● **Information provided**:
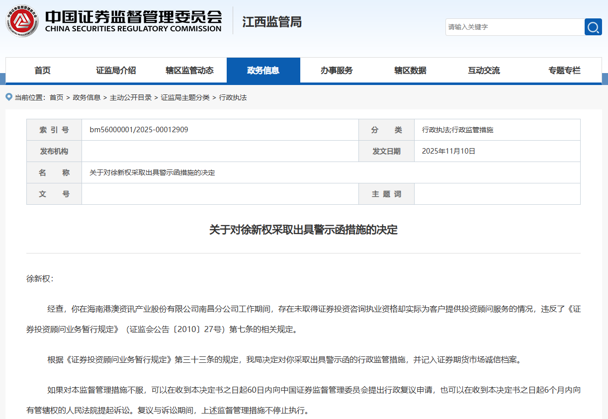 江西证监局11月10发布公告,对海南港澳资讯产业股份有限公司南昌分公司及徐新权出具警示函。
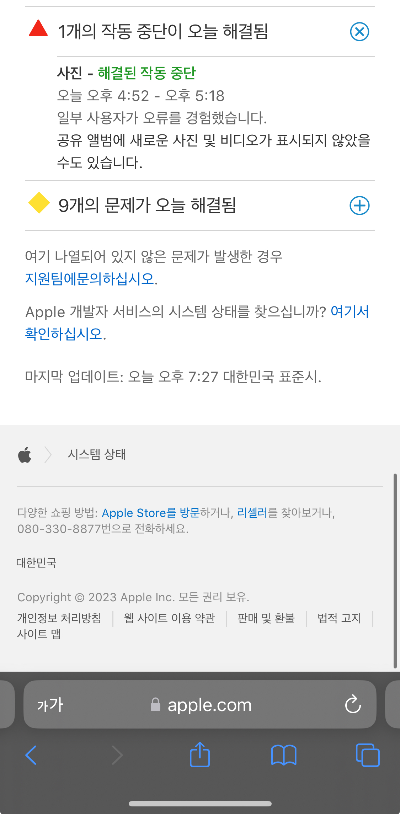 - 애플 시스템 상태
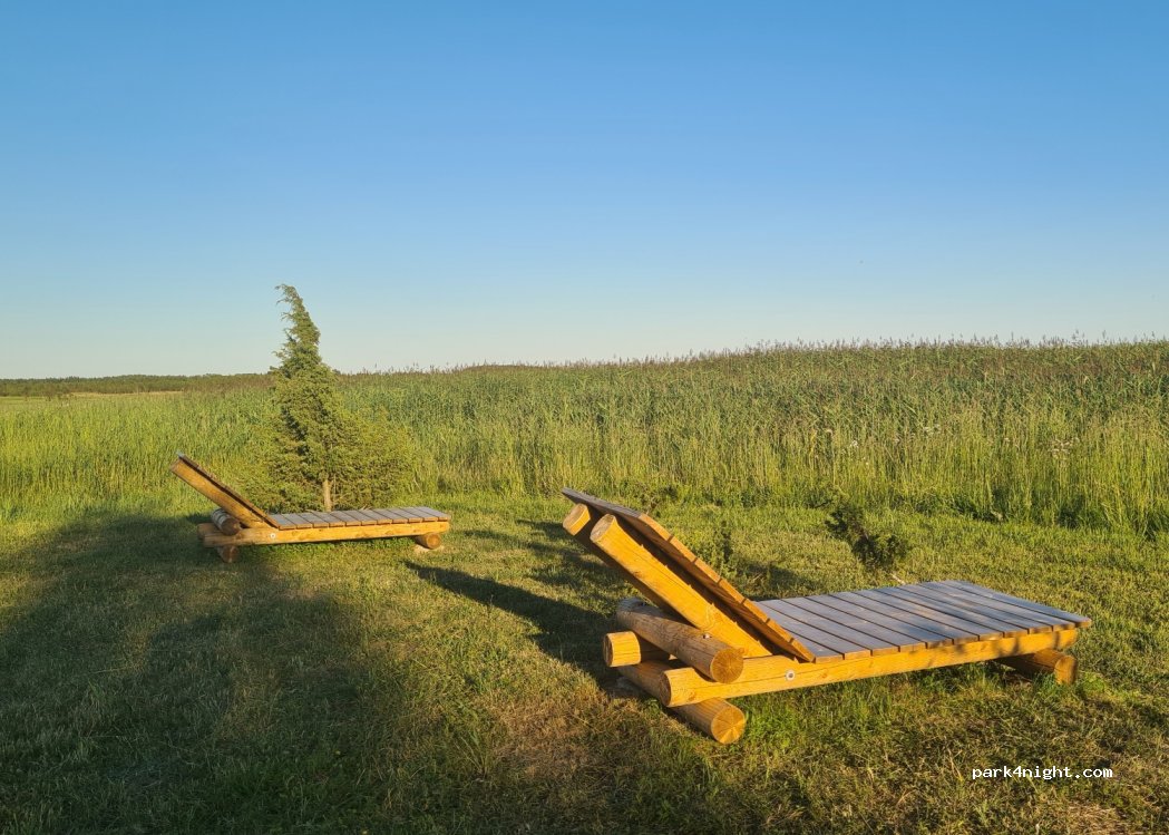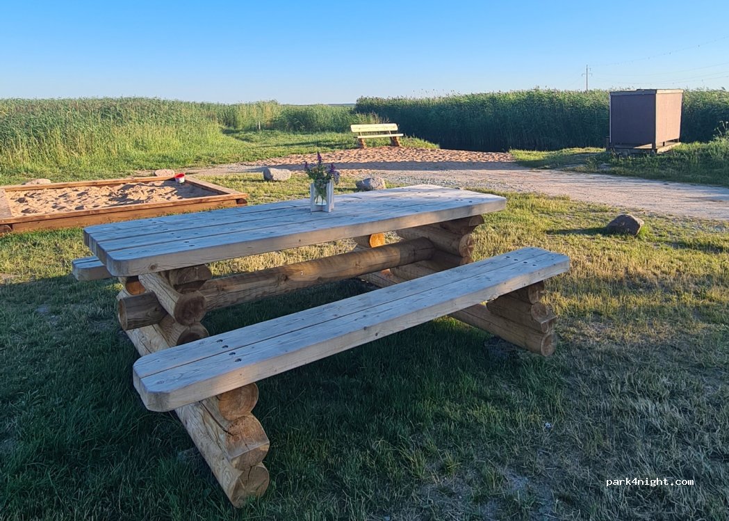 Nice place next to the beginning of the bridge. Table and bench. Possibly also overnight. Small dirt road leads to another parking space in the reeds.

● **Activity**:
Leaving the pictures behind, return every line above exactly.

● **Task response**:
 江西证监局11月10发布公告,对海南港澳资讯产业股份有限公司南昌分公司及徐新权出具警示函。
 - 애플 시스템 상태
 Nice place next to the beginning of the bridge. Table and bench. Possibly also overnight. Small dirt road leads to another parking space in the reeds.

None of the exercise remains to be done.